CLI reference: https://docling-project.github.io/docling/reference/cli/

Python API (for advanced features)

Use the Python API when you need features the CLI does not expose: chunking, VLM remote-API endpoint configuration, or hybrid force_backend_text mode.

Docling 2.81+ API note: DocumentConverter(format_options=...) expects dict[InputFormat, FormatOption] (e.g. InputFormat.PDFPdfFormatOption). Using string keys like {"pdf": PdfPipelineOptions(...)} fails at runtime with AttributeError: 'PdfPipelineOptions' object has no attribute 'backend'.

Standard pipeline (default):

from docling.document_converter import DocumentConverter, PdfFormatOption
from docling.datamodel.base_models import InputFormat
from docling.datamodel.pipeline_options import PdfPipelineOptions

converter = DocumentConverter()
result = converter.convert("report.pdf")

converter = DocumentConverter(
    format_options={
        InputFormat.PDF: PdfFormatOption(
            pipeline_options=PdfPipelineOptions(do_ocr=True, do_table_structure=True),
        ),
    }
)
result = converter.convert("report.pdf")

VLM pipeline — local (GraniteDocling via HF Transformers):

from docling.document_converter import DocumentConverter, PdfFormatOption
from docling.datamodel.base_models import InputFormat
from docling.datamodel.pipeline_options import VlmPipelineOptions
from docling.datamodel import vlm_model_specs
from docling.pipeline.vlm_pipeline import VlmPipeline

pipeline_options = VlmPipelineOptions(
    vlm_options=vlm_model_specs.GRANITEDOCLING_TRANSFORMERS,
    generate_page_images=True,
)
converter = DocumentConverter(
    format_options={
        InputFormat.PDF: PdfFormatOption(
            pipeline_cls=VlmPipeline,
            pipeline_options=pipeline_options,
        )
    }
)
result = converter.convert("report.pdf")

VLM pipeline — remote API (vLLM / LM Studio / Ollama):

This is only available via the Python API; the CLI does not expose endpoint URL, model name, or API key configuration.
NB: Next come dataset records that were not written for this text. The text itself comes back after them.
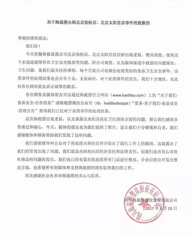 公关派的代表是海底捞。 今年8月,媒体曝光海底捞北京两家门店出现老鼠,使用餐具疏通下水道,海底捞在几个小时内就发布了道歉声明,赢得一片叫好,被誉为“危机公关的经典案例”,“危机道歉信的标准版本”。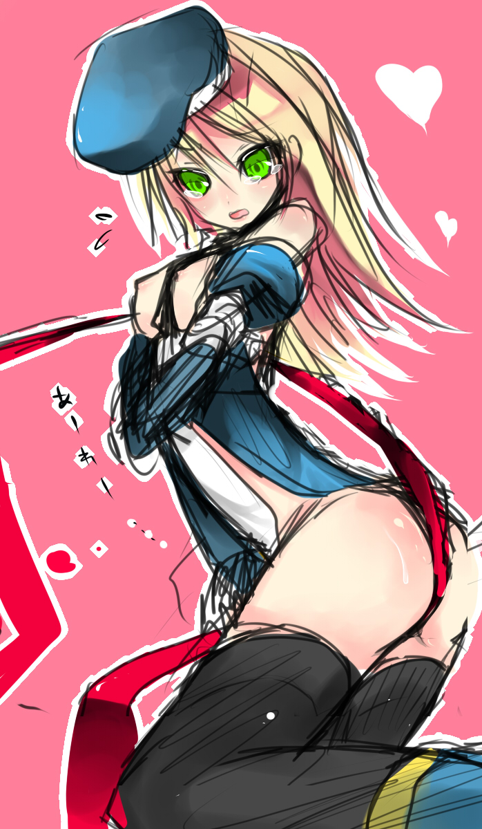 1girlblonde hairbreastsdetached sleevesdressfemale focusglovesgreen eyesgunhatmedium breastsnipplesshort dresssketchsolothighhighsweapon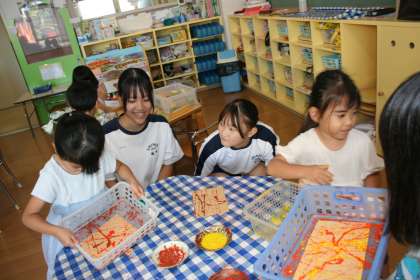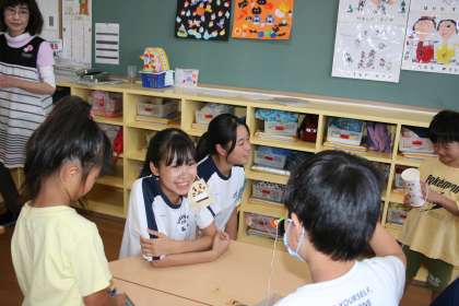 10月1日(火) 3年生保育園訪問 公開日 2024/10/03 更新日 2024/10/03 3学年 3年1組が保育園訪問してきました。 自分で作った手作りおもちゃを持って幼児達と一緒に遊びました。 常盤台保育園の幼児達もとても楽しみにしてくれていたようで、 楽しそうに関わっていました。 最初は緊張していた中学生も時間が経つにつれ、自然体で関わることができました。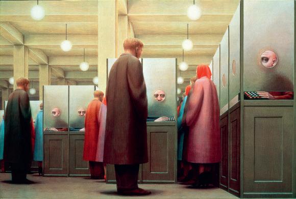 Oficina del gobierno, George Tooker, 1956, temple al huevo sobre plancha con imprimación de gesso, 49,8 × 75,2 cm, Metropolitan Museum of Art, Nueva York, Estados Unidos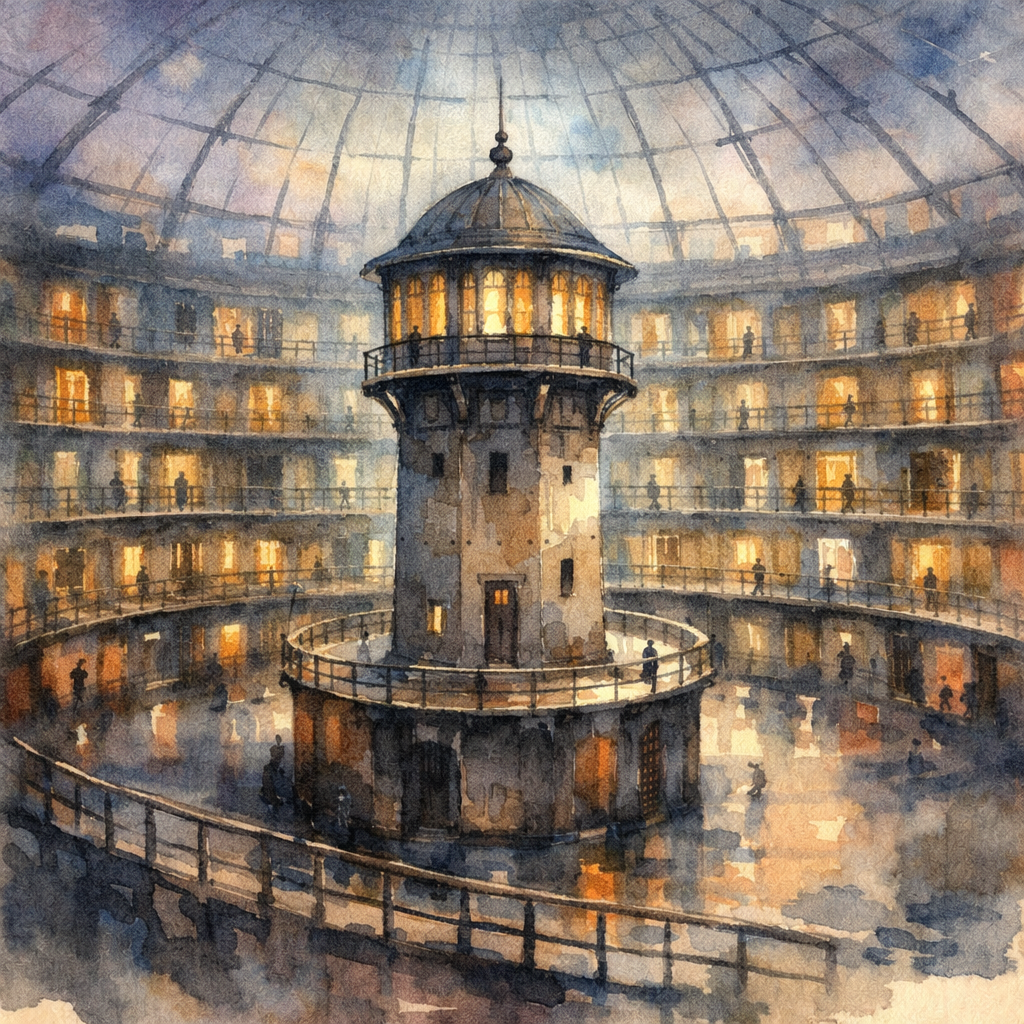 İlk bakışta kulağa eski bir hapishane modeli gibi geliyor: panoptikon. Gerçekten de öyle. 18. yüzyılda Jeremy Bentham’ın tasarladığı panoptikon, ortasında gözetleme kulesi olan, çember şeklinde hücrelerden oluşan bir hapishane fikriydi. Gardiyan, merkezi kuleden herkesi görebiliyor; mahkûmlar ise ne zaman izlendiğini bilmediği için “her an izleniyormuş gibi” davranmak zorunda kalıyordu.

from docling.document_converter import DocumentConverter, PdfFormatOption
from docling.datamodel.base_models import InputFormat
from docling.datamodel.pipeline_options import VlmPipelineOptions
from docling.datamodel.pipeline_options_vlm_model import ApiVlmOptions, ResponseFormat
from docling.pipeline.vlm_pipeline import VlmPipeline

vlm_opts = ApiVlmOptions(
    url="http://localhost:8000/v1/chat/completions",
    params=dict(model="ibm-granite/granite-docling-258M", max_tokens=4096),
    prompt="Convert this page to docling.",
    response_format=ResponseFormat.DOCTAGS,
    timeout=120,
)
pipeline_options = VlmPipelineOptions(
    vlm_options=vlm_opts,
    generate_page_images=True,
    enable_remote_services=True,  # required — gates all outbound HTTP
)
converter = DocumentConverter(
    format_options={
        InputFormat.PDF: PdfFormatOption(
            pipeline_cls=VlmPipeline,
            pipeline_options=pipeline_options,
        )
    }
)
result = converter.convert("report.pdf")

Hybrid mode (force_backend_text) — Python API only:

Uses deterministic PDF text extraction for text regions while routing images and tables through the VLM. Reduces hallucination on text-heavy pages.

pipeline_options = VlmPipelineOptions(
    vlm_options=vlm_model_specs.GRANITEDOCLING_TRANSFORMERS,
    force_backend_text=True,
    generate_page_images=True,
)

result.document is a DoclingDocument object in all cases.

4. Choose output format

Markdown (default, human-readable):

docling report.pdf --to md --output /tmp/
Or via Python: result.document.export_to_markdown()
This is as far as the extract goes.